Они сразу же умолкли.
– Чарльз, – осторожно сказал Натаниэль, но Дэвид выпрямился, мгновенно ощетинившись.
– В каком это смысле? – спросил он.
– Вранье, и все, – сказал я. – В лагерях такого не происходит.
– А ты откуда знаешь?
– Знаю. Даже если бы государство решилось на такое идти, они бы не смогли этого долго скрывать.
– Господи, какой ты наивный!
– Дэвид! – вдруг сказал Натаниэль. – Так с отцом говорить нельзя.
Я на секунду почувствовал прилив счастья: когда это в последний раз Натаниэль защищал меня так бездумно, так страстно? Выглядело как признание в любви. Но нет, я продолжал наседать.
– Ну подумай сам, Дэвид, – сказал я, уже испытывая ненависть к себе. – Почему бы мы вдруг не стали давать людям лекарства? Сейчас же не так, как шесть лет назад, лекарств полно. И зачем вообще тогда вот это, как ты говоришь, здание для средней стадии? Почему тогда не посылать всех сразу в здание для финальной стадии?
– Так…
– Ты описываешь концентрационный лагерь, лагерь смерти, а у нас тут таких нет.
– Твоя вера в эту страну очень трогательна, – тихо сказал Обри, и у меня на мгновение аж в глазах потемнело от ярости. Он обращался ко мне свысока, он, чей дом был заполнен краденными у моей страны вещами?
– Чарльз, – сказал Натаниэль, быстро встав, – нам пора.
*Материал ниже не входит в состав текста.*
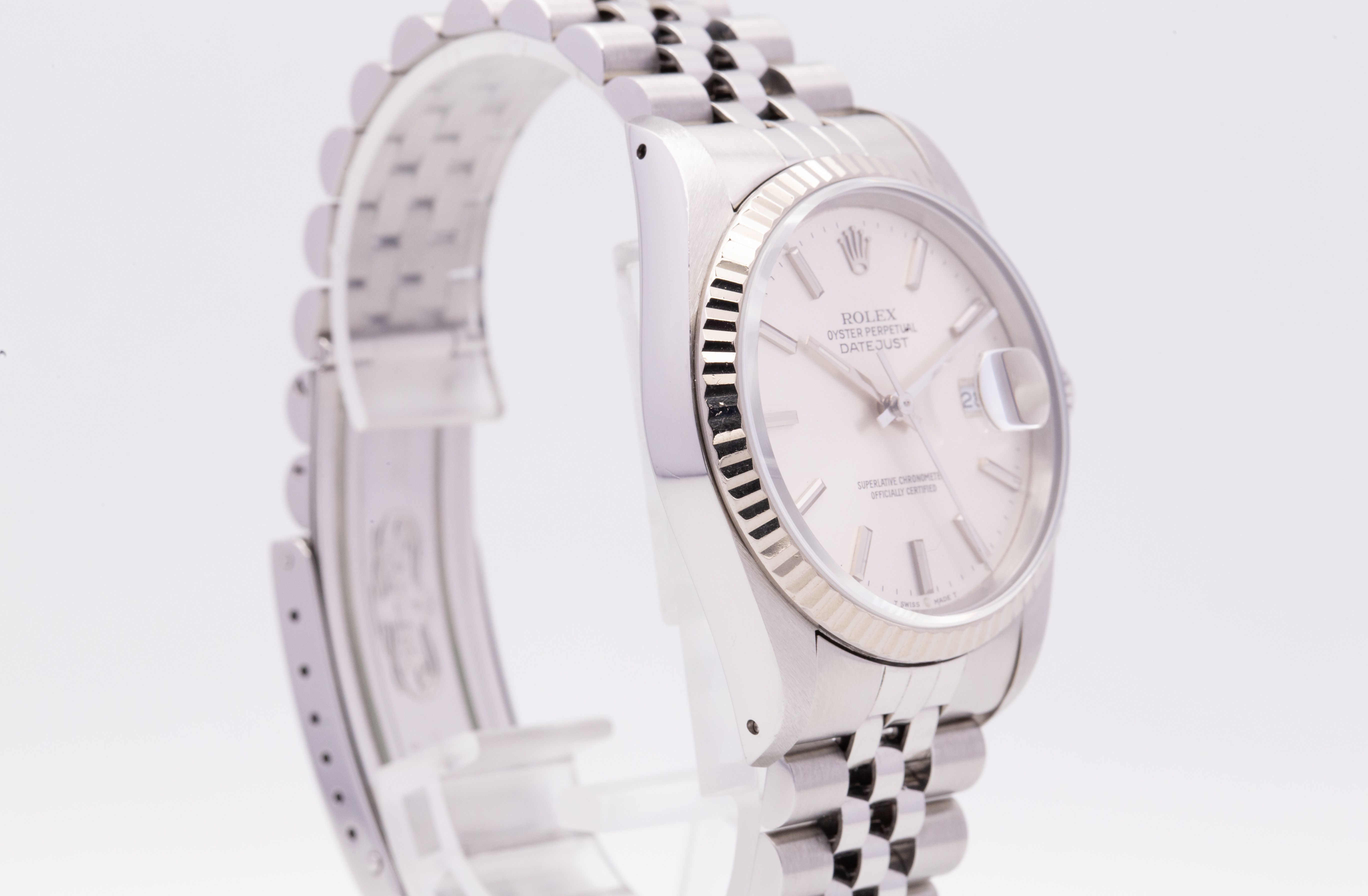 Te koop is een Rolex Datejust 36 Ref. 16234 met een zilveren wijzerplaat uit de E-serie (ca. 1990) in zeer goede staat.

И одновременно с этим Норрис положил руку на плечо Обри:
– Обри. Так нельзя.
Но я не стал отвечать Обри. Правда. Я продолжил говорить Дэвиду:
– И знаешь, Дэвид, если бы эта история оказалась правдой – ты не на тех людей злишься. Враг здесь – не администрация, не армия, не Министерство здравоохранения, враг – сама женщина. Да-да: женщина, которая знает, что ее младенец болен, которая решает пойти с ней в больницу, а потом, вместо того чтобы дать ее лечить, решает ее украсть. И куда она отправляется? Опять садится в метро или в автобус, возвращается к себе в квартиру. Сколько кварталов она проходит по дороге? Сколько людей идет мимо нее? На скольких дышит ее девочка, сколько вируса распространяет? Сколько квартир в ее доме? Сколько там людей живет? У скольких из них есть какие-нибудь сопутствующие заболевания? Сколько там детей, сколько больных, сколько инвалидов? Скольким она говорит: “Мой ребенок болен, я думаю, у нее инфекция, не подходите”? Звонит ли она в отдел здравоохранения, сообщает, что у нее дома кто-то заболел? Думает ли она вообще о ком-нибудь другом? Или только о себе, о своей семье? Конечно, ты скажешь, что всякий родитель так поступил бы. Но именно из-за этого, из-за этого понятного эгоизма власти должны вмешаться, неужели ты не понимаешь? Чтобы все люди вокруг нее оказались в безопасности, все люди, на которых ей самой наплевать, все люди, которые из-за нее потеряют своих детей, – они должны были вмешаться.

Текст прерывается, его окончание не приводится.